===== Dataset excerpts =====

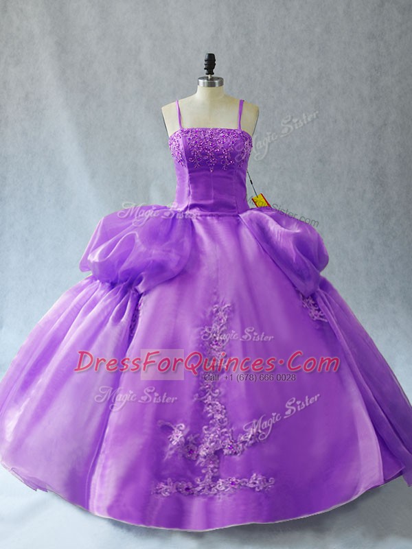 Fantastic Lavender Spaghetti Straps Lace Up Appliques Ball Gown Prom Dress Sleeveless
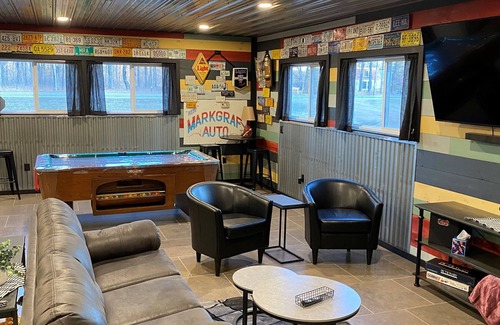 Located in Aniwa, Unique Renovated Building- Sleeps 4. One-of-a kind studio space with easy access off main highway. Ample parking for trailers. Open concept living area includes a large tv with surround sound, wireless wifi, and a fully equipped kitchen. Rest your head on the new queen murphy bed with high quality mattress or the thick fluffy queen futon. Enjoy a game of pool or relax in the wooded outdoor setting. Perfect for a relaxing getaway. Offers the ideal blend of cozy vibes and fun amenities. Close to hiking, biking, utv/atv, and snowmobile trails
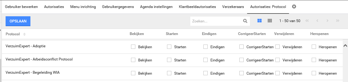 Autoriseer de gebruiker voor de protocolvariaties door tenminste één vinkje aan te zetten op het protocol zelf.
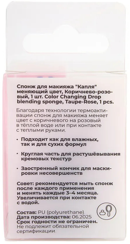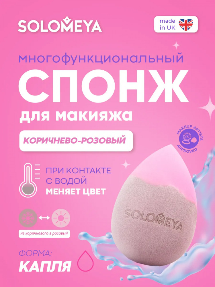 Solomeya Спонж для макияжа меняющий цвет «Color Changing Drop blending sponge»
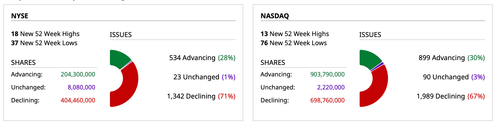 - NASDAQ volume 3% below its one-month average
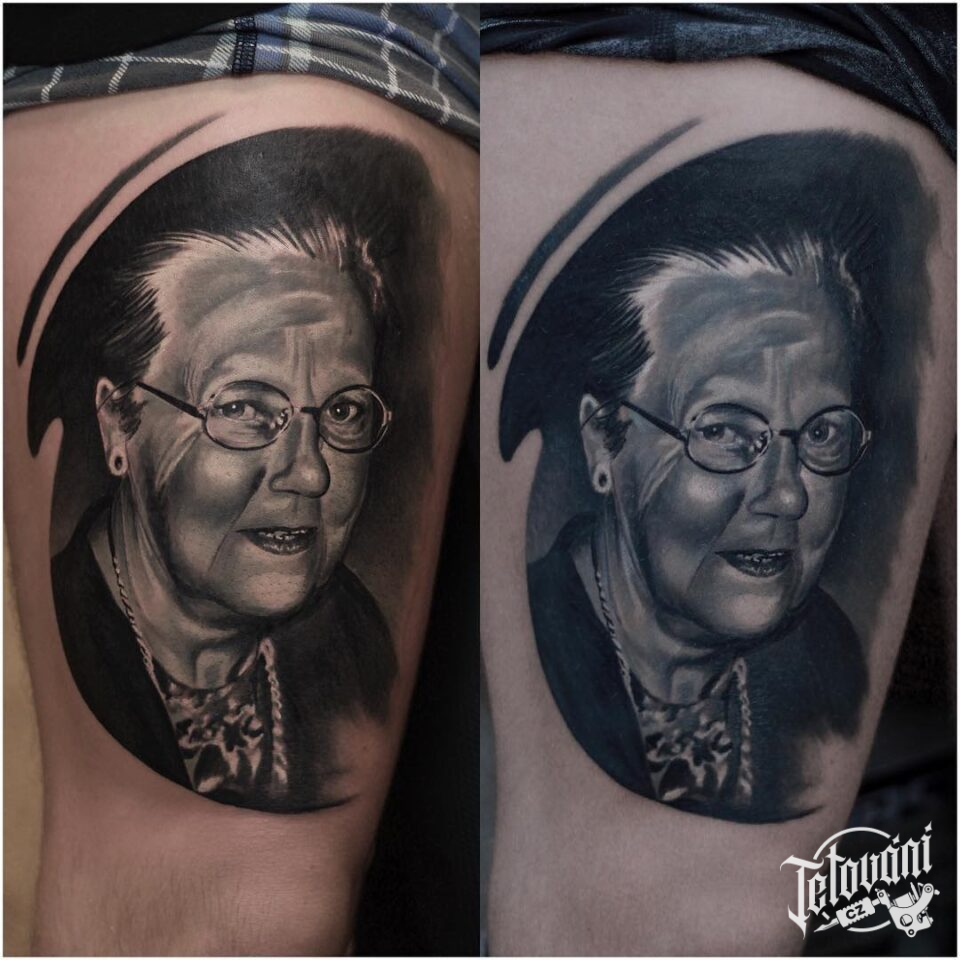 Tetování rodina, portrét na stehně
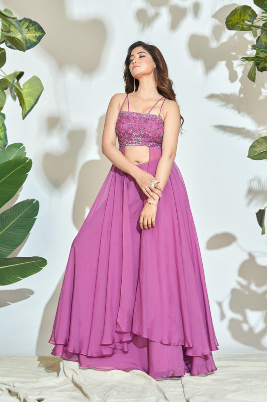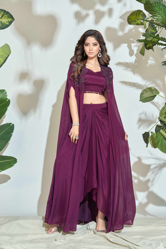 WINE CHIFFON HAND WORK SHRUG WITH PLEATED SKIRT AND TOP SET

=====

### Instructions to follow
Print every line above exactly as given, but not the pictures.

### Solution for this task
 Fantastic Lavender Spaghetti Straps Lace Up Appliques Ball Gown Prom Dress Sleeveless
 Located in Aniwa, Unique Renovated Building- Sleeps 4. One-of-a kind studio space with easy access off main highway. Ample parking for trailers. Open concept living area includes a large tv with surround sound, wireless wifi, and a fully equipped kitchen. Rest your head on the new queen murphy bed with high quality mattress or the thick fluffy queen futon. Enjoy a game of pool or relax in the wooded outdoor setting. Perfect for a relaxing getaway. Offers the ideal blend of cozy vibes and fun amenities. Close to hiking, biking, utv/atv, and snowmobile trails
 Autoriseer de gebruiker voor de protocolvariaties door tenminste één vinkje aan te zetten op het protocol zelf.
 Solomeya Спонж для макияжа меняющий цвет «Color Changing Drop blending sponge»
 - NASDAQ volume 3% below its one-month average
 Tetování rodina, portrét na stehně
 WINE CHIFFON HAND WORK SHRUG WITH PLEATED SKIRT AND TOP SET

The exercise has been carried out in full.